■ DIRECTIONS FOR THIS TASK ■
Copy, exactly and without additions, every line in the records below from the one holding "What it's Like" through the one holding "Amsterdam, NY is", both ends included.

------ INFORMATION SUPPLIED ------

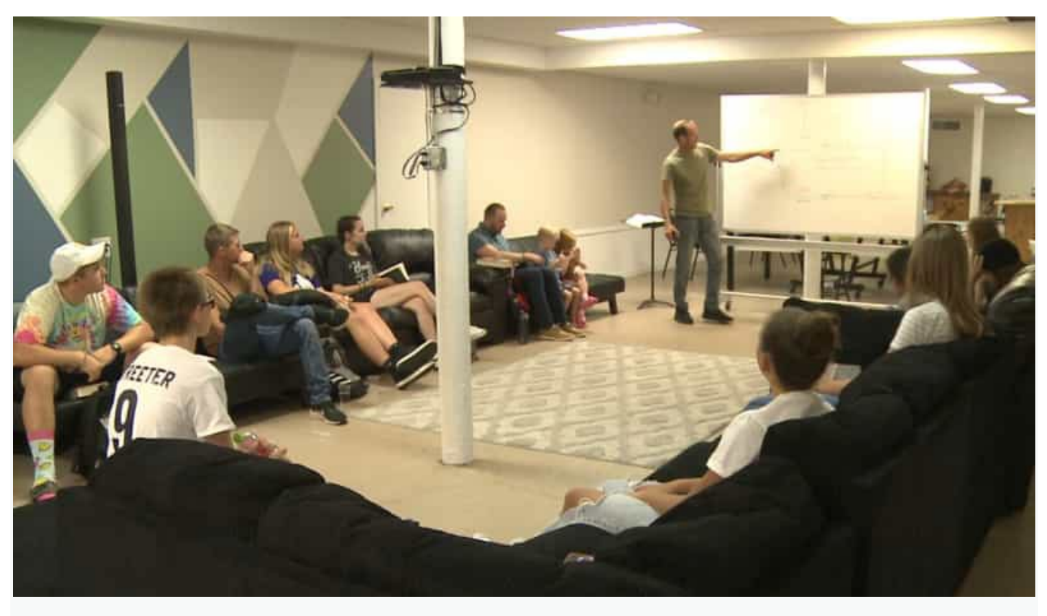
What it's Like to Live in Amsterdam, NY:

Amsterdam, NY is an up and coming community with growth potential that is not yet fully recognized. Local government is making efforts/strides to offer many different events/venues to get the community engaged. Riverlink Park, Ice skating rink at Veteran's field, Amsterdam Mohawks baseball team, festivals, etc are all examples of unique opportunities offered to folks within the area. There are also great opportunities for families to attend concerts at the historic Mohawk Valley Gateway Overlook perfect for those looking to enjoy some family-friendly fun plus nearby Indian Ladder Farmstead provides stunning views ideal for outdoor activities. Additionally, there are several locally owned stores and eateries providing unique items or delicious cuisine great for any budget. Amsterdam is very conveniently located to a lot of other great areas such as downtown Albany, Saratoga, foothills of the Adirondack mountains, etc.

------
------ INFORMATION SUPPLIED ------

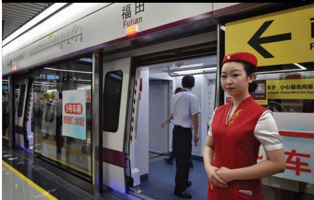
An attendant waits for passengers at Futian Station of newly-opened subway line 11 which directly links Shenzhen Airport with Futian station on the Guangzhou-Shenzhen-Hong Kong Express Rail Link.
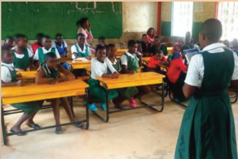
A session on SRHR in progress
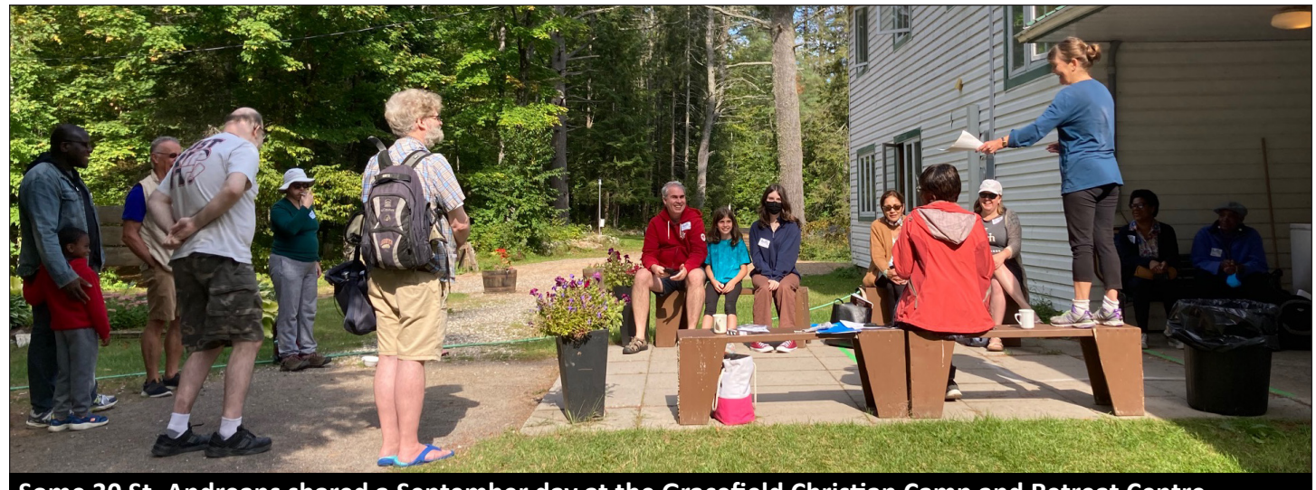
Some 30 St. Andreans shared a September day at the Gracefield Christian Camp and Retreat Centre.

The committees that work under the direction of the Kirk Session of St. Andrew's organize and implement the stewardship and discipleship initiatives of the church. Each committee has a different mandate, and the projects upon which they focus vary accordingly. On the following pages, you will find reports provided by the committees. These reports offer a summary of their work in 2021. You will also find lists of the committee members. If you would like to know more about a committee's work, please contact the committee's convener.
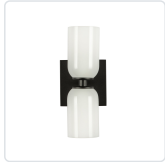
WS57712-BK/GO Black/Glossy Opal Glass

------

■ ANSWER SPACE ■
What it's Like to Live in Amsterdam, NY:

Amsterdam, NY is an up and coming community with growth potential that is not yet fully recognized. Local government is making efforts/strides to offer many different events/venues to get the community engaged. Riverlink Park, Ice skating rink at Veteran's field, Amsterdam Mohawks baseball team, festivals, etc are all examples of unique opportunities offered to folks within the area. There are also great opportunities for families to attend concerts at the historic Mohawk Valley Gateway Overlook perfect for those looking to enjoy some family-friendly fun plus nearby Indian Ladder Farmstead provides stunning views ideal for outdoor activities. Additionally, there are several locally owned stores and eateries providing unique items or delicious cuisine great for any budget. Amsterdam is very conveniently located to a lot of other great areas such as downtown Albany, Saratoga, foothills of the Adirondack mountains, etc.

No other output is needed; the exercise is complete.